WHAT THIS TASK INVOLVES
Copy nothing but the lines from the opening of the entries through the line that contains "骚货清扬尝试cosplay,穿日本女高中", exactly as written. Drop the pictures.

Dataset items
◇ ◇ ◇ ◇ ◇
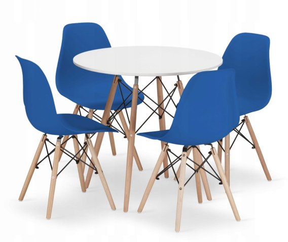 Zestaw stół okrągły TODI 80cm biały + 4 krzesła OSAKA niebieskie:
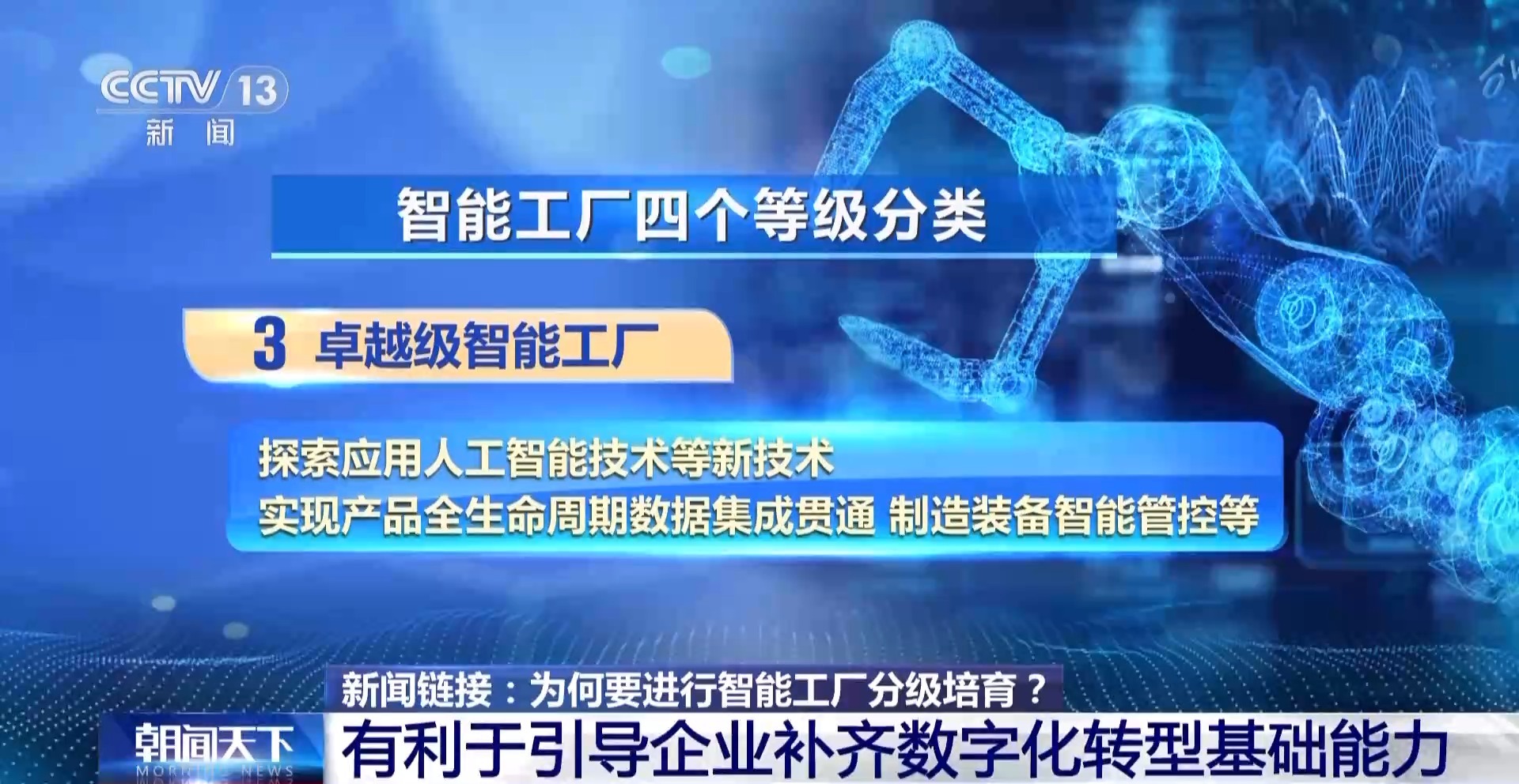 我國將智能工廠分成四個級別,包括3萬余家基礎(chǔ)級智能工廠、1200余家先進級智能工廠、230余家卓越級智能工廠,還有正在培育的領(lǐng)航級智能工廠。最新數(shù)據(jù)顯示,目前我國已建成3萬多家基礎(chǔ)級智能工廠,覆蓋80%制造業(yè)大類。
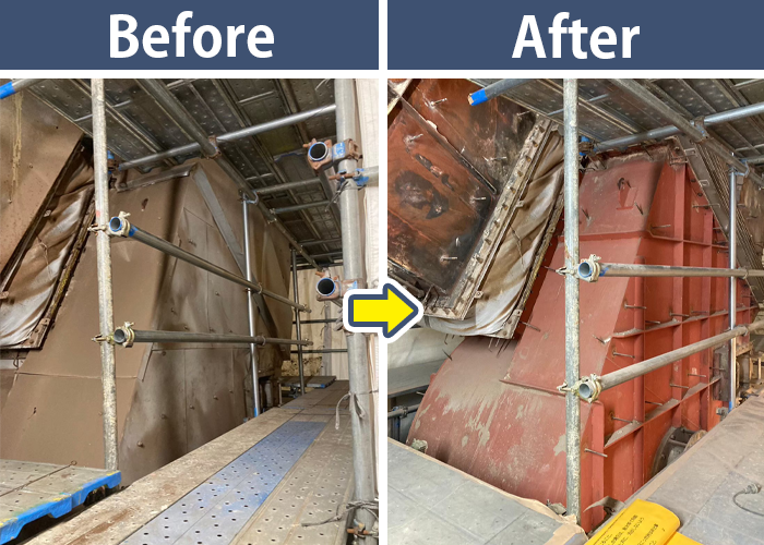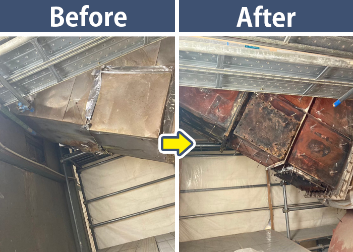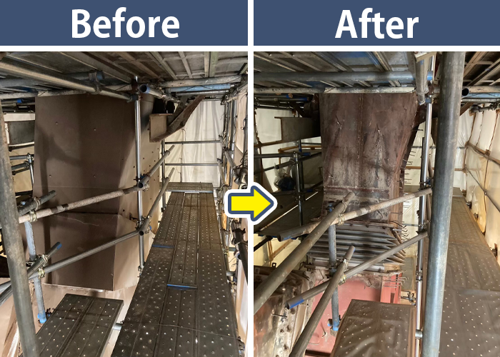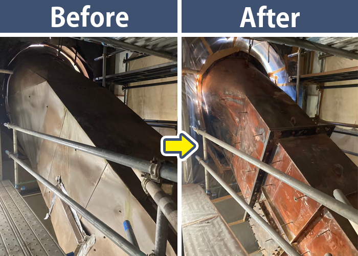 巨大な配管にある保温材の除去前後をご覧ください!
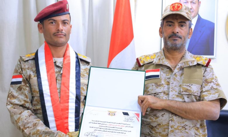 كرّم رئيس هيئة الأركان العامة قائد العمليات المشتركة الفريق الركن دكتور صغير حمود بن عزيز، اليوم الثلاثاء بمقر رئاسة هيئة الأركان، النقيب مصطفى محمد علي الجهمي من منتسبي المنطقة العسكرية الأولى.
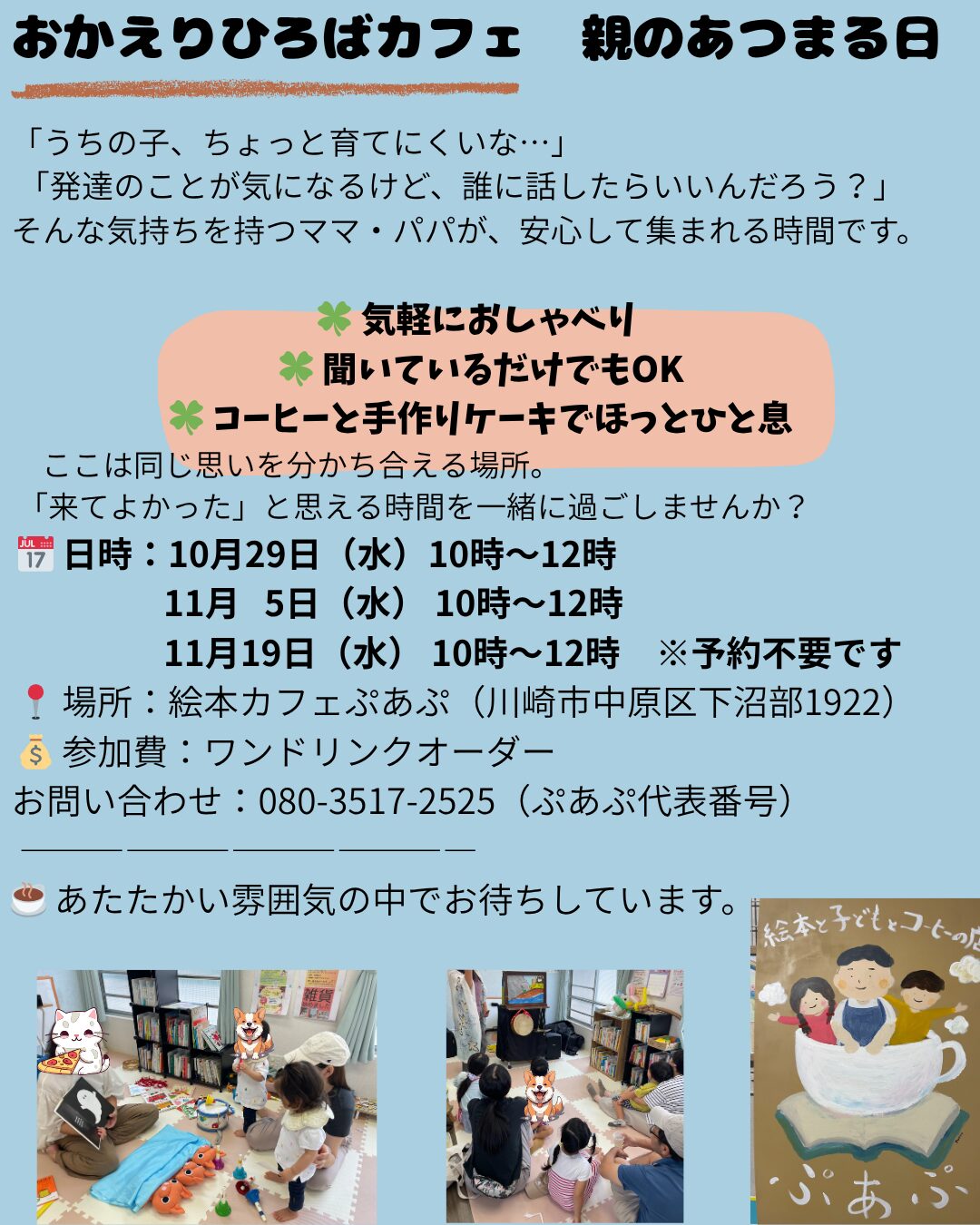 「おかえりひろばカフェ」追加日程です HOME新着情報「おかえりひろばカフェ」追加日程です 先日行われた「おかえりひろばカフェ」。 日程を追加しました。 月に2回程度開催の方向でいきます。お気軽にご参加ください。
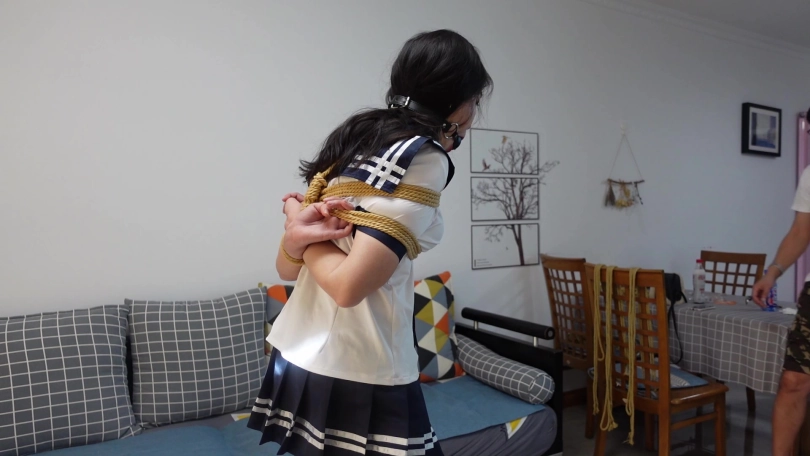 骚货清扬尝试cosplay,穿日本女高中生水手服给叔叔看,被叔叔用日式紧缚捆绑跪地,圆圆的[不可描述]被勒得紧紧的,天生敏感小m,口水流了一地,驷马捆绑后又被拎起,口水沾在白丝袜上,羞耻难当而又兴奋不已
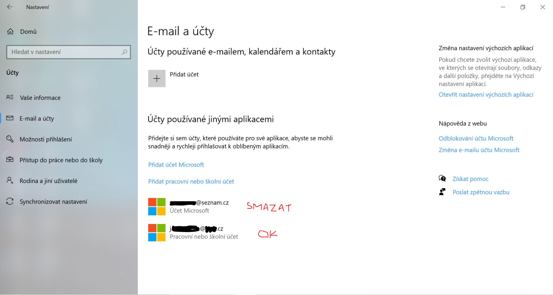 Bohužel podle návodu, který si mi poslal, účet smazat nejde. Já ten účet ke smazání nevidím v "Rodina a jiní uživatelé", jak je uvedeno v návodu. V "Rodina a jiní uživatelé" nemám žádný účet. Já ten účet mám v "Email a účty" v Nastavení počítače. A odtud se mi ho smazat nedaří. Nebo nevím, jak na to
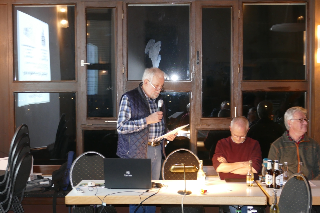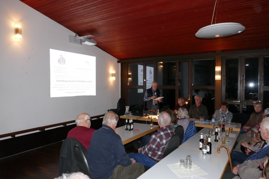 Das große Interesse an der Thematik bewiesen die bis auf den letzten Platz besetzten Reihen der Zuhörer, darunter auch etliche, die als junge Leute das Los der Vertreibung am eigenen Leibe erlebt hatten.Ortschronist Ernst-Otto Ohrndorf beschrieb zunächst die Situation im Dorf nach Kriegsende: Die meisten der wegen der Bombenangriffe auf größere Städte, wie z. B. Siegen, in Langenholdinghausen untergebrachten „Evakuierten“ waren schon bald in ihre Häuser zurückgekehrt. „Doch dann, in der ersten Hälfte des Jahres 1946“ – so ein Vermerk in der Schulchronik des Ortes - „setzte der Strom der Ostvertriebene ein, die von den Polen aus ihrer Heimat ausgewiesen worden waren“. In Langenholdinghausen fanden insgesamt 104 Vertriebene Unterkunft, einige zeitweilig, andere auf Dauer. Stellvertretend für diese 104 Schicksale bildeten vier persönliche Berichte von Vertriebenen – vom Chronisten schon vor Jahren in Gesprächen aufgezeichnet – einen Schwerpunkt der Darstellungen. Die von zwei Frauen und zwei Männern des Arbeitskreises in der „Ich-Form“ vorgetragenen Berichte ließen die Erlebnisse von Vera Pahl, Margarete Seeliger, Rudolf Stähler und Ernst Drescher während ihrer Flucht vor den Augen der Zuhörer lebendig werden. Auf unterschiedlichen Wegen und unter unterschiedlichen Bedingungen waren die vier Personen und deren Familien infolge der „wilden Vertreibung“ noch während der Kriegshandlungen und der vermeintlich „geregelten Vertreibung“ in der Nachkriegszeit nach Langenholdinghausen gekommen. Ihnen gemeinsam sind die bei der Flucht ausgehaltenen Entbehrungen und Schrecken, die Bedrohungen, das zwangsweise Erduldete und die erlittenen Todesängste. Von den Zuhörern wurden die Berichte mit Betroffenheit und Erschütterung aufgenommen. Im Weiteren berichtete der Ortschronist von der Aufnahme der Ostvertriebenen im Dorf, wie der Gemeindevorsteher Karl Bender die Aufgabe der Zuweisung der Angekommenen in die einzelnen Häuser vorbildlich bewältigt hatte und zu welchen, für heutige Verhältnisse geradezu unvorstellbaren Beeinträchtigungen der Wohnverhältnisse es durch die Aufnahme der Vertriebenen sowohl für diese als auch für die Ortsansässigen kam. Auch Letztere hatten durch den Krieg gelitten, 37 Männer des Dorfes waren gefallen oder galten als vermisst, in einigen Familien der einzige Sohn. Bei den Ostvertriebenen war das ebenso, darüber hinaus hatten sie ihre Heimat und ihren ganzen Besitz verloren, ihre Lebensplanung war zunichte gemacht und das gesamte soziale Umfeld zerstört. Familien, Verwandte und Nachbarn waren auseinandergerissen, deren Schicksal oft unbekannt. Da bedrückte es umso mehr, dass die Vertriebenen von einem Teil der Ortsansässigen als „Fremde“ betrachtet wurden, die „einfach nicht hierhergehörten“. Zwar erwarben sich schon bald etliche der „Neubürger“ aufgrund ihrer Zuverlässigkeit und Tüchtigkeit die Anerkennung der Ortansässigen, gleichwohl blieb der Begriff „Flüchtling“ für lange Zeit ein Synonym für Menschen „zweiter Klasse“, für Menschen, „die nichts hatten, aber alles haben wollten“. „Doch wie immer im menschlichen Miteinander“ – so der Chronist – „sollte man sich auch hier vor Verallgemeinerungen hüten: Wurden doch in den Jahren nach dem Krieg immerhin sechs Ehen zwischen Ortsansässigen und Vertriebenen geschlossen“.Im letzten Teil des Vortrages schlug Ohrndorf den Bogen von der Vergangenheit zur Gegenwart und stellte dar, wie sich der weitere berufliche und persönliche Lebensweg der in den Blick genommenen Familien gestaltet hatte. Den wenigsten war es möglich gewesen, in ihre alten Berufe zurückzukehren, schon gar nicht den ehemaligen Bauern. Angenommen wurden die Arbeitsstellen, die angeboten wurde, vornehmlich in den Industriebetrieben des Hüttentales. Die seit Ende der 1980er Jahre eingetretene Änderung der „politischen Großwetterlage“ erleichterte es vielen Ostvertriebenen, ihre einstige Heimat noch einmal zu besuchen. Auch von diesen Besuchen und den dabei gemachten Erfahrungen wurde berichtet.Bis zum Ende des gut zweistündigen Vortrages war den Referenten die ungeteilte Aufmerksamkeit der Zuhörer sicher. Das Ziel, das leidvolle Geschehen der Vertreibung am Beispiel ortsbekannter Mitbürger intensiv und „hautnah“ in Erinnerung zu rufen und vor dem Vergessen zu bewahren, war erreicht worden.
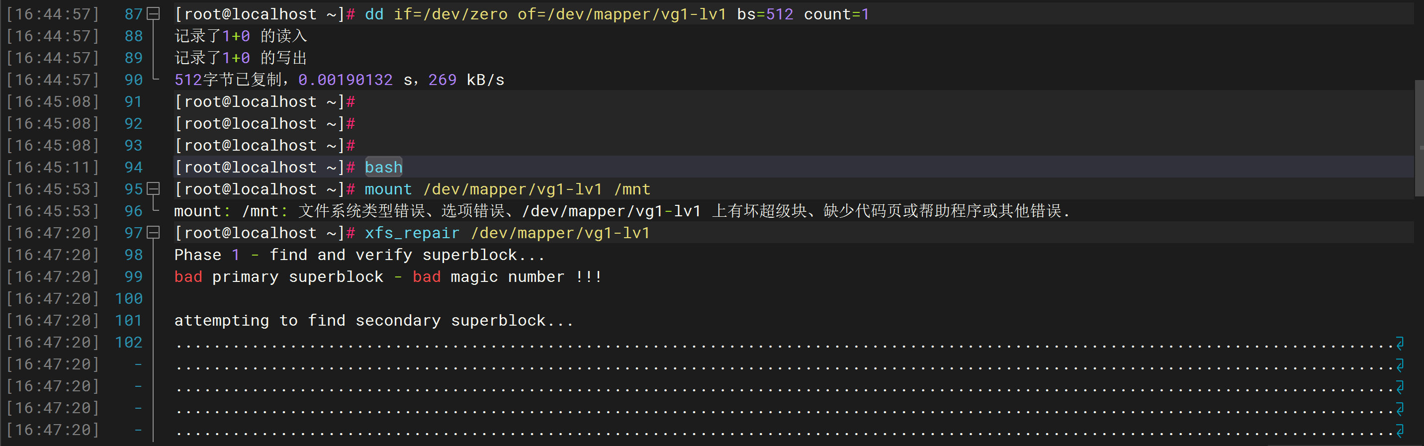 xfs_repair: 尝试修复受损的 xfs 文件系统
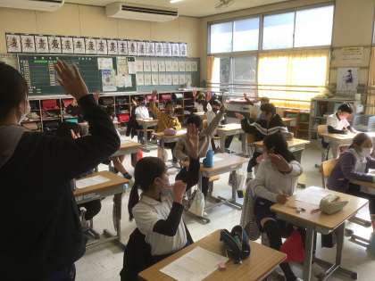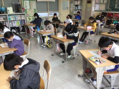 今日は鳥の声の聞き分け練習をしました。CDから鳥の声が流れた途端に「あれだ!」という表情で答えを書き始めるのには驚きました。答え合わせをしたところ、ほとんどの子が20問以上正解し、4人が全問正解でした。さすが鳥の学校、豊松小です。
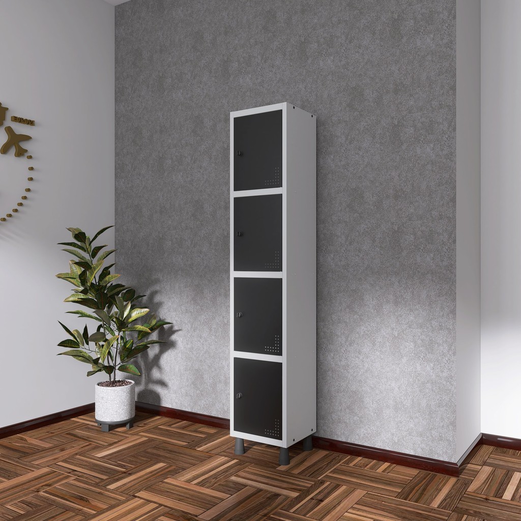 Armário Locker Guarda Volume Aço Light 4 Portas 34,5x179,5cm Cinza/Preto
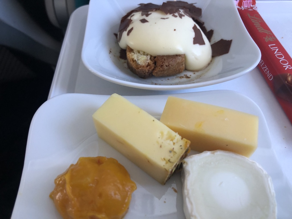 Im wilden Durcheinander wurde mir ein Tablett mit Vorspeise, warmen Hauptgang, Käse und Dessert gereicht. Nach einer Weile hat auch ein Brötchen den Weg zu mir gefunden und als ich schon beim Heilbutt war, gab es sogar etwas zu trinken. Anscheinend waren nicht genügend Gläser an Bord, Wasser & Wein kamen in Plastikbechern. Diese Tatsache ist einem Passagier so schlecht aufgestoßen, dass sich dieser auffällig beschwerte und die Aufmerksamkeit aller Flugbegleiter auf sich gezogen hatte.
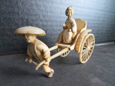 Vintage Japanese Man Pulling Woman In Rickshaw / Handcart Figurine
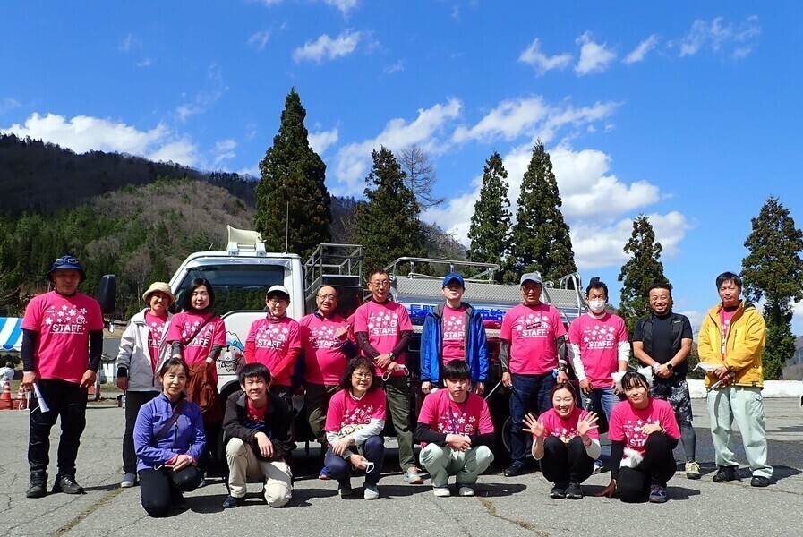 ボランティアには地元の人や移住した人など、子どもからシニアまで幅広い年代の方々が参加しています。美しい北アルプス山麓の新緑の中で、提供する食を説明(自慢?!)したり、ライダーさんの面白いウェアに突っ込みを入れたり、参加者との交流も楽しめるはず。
◇ ◇ ◇ ◇ ◇
SOLUTION
 Zestaw stół okrągły TODI 80cm biały + 4 krzesła OSAKA niebieskie:
 我國將智能工廠分成四個級別,包括3萬余家基礎(chǔ)級智能工廠、1200余家先進級智能工廠、230余家卓越級智能工廠,還有正在培育的領(lǐng)航級智能工廠。最新數(shù)據(jù)顯示,目前我國已建成3萬多家基礎(chǔ)級智能工廠,覆蓋80%制造業(yè)大類。
 巨大な配管にある保温材の除去前後をご覧ください!
 كرّم رئيس هيئة الأركان العامة قائد العمليات المشتركة الفريق الركن دكتور صغير حمود بن عزيز، اليوم الثلاثاء بمقر رئاسة هيئة الأركان، النقيب مصطفى محمد علي الجهمي من منتسبي المنطقة العسكرية الأولى.
 「おかえりひろばカフェ」追加日程です HOME新着情報「おかえりひろばカフェ」追加日程です 先日行われた「おかえりひろばカフェ」。 日程を追加しました。 月に2回程度開催の方向でいきます。お気軽にご参加ください。
 骚货清扬尝试cosplay,穿日本女高中生水手服给叔叔看,被叔叔用日式紧缚捆绑跪地,圆圆的[不可描述]被勒得紧紧的,天生敏感小m,口水流了一地,驷马捆绑后又被拎起,口水沾在白丝袜上,羞耻难当而又兴奋不已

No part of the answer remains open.